SCOTUS
What Does Justice Sotomayor Like Most About Helping Terrorist Groups?
Keith Thompson Monday, 21 June 2010 13:44
The Supreme Court rules that giving material support to terrorists belongs in the same category as shouting "Fire!" in a crowded theater. In other words, neither constitutes "protected speech." Justice Thompson's one-word concurring opinion: "Duh." Note: The Court upheld the constitutionality of a particular provision of the Patriot Act. Which is different from whether some or all members of the Court would have voted for that provision of the Patriot Act if they were ... legislators, which they are not. Don't agree with that provision of the Patriot Act? Fine, go lobby Congress.
Ann Coulter (University of Michigan Law School graduate before going on to clerk, in Kansas City, for Pasco Bowman II of the United States Court of Appeals for the Eighth Circuit), puts the lie to Justice Steven's ridiculous assertion that he, Stevens, didn't move left during his tenure on SCOTUS — no, the Court moved to the right while he didn't change much. Coulter demonstrates Stevens' fetish for pretending to protect us all from the state establishment of religion, while in fact establishing himself as "the most fanatically anti-religious justice in modern times."
He has long found any religious practice not crushed by the government to be an "establishment of religion."

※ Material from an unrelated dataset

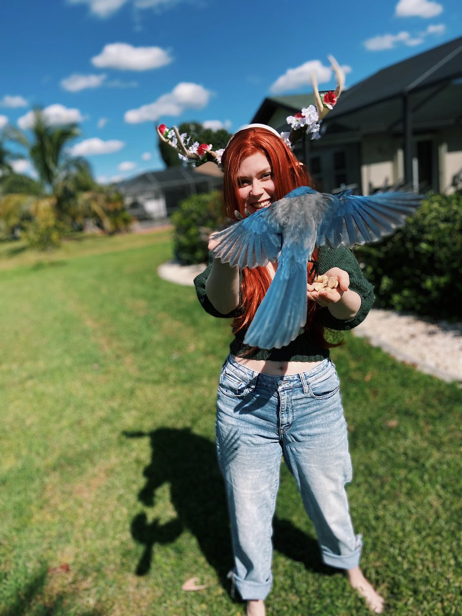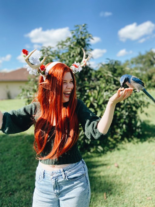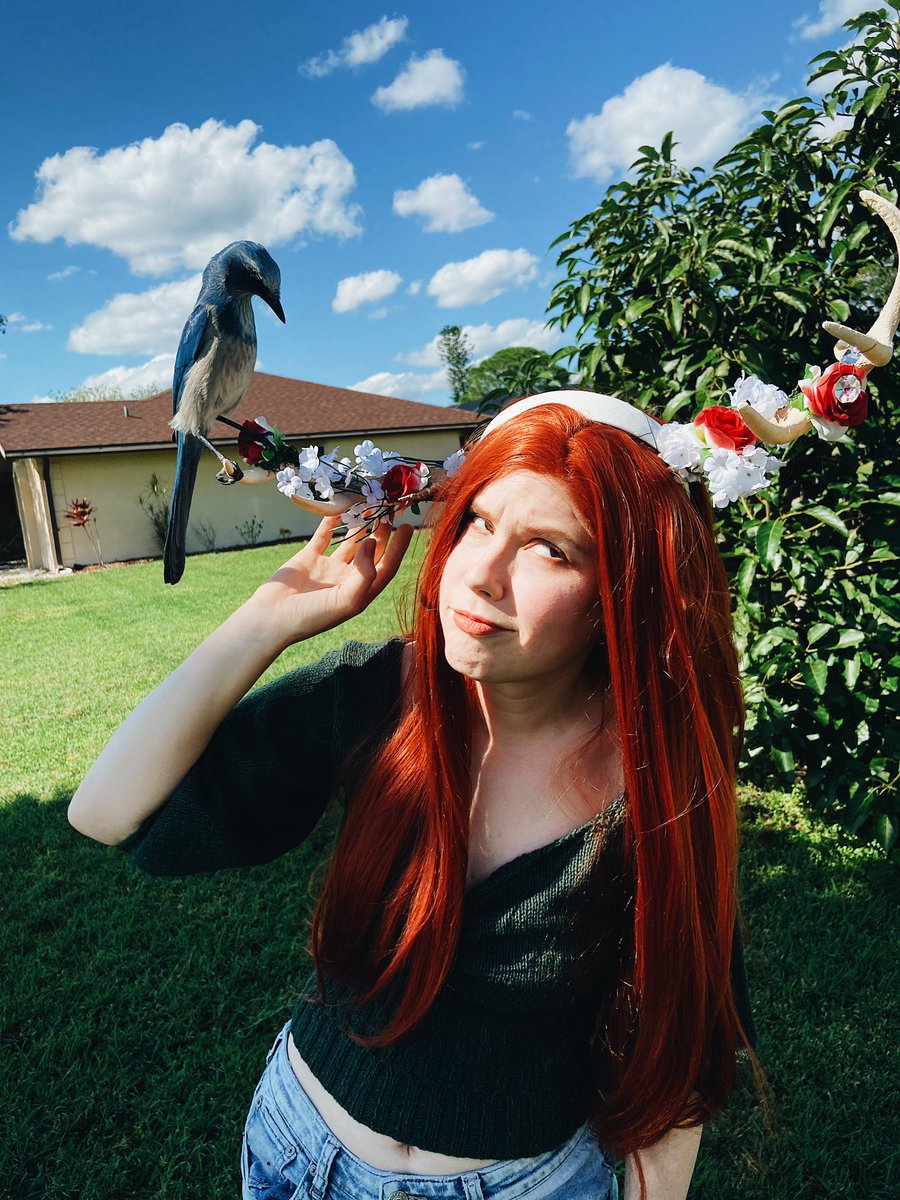 Did I ever post my casual keyleth cosplay while playing with my scrub jays photos here? @Marisha_Ray Keyleth attracts all kinds of bird boys apparently!! 😂 @CriticalRole #CriticalRole #CriticalRoleArt #criticalrolecosplay

In the 1989 abortion case, Webster v. Reproductive Health Services, for example, Stevens argued that a state law that defined life as beginning at conception violated the First Amendment by -- yes, establishing a religion. The abortion law, he said, gave "a theological answer to the question of when life begins." (You've all heard of the First Church of When Life Begins, United, haven't you?)
Fortunately, Stevens didn't read far enough to see that the Bible also condemns murder generally, or he might have voted to strike down all laws against murder.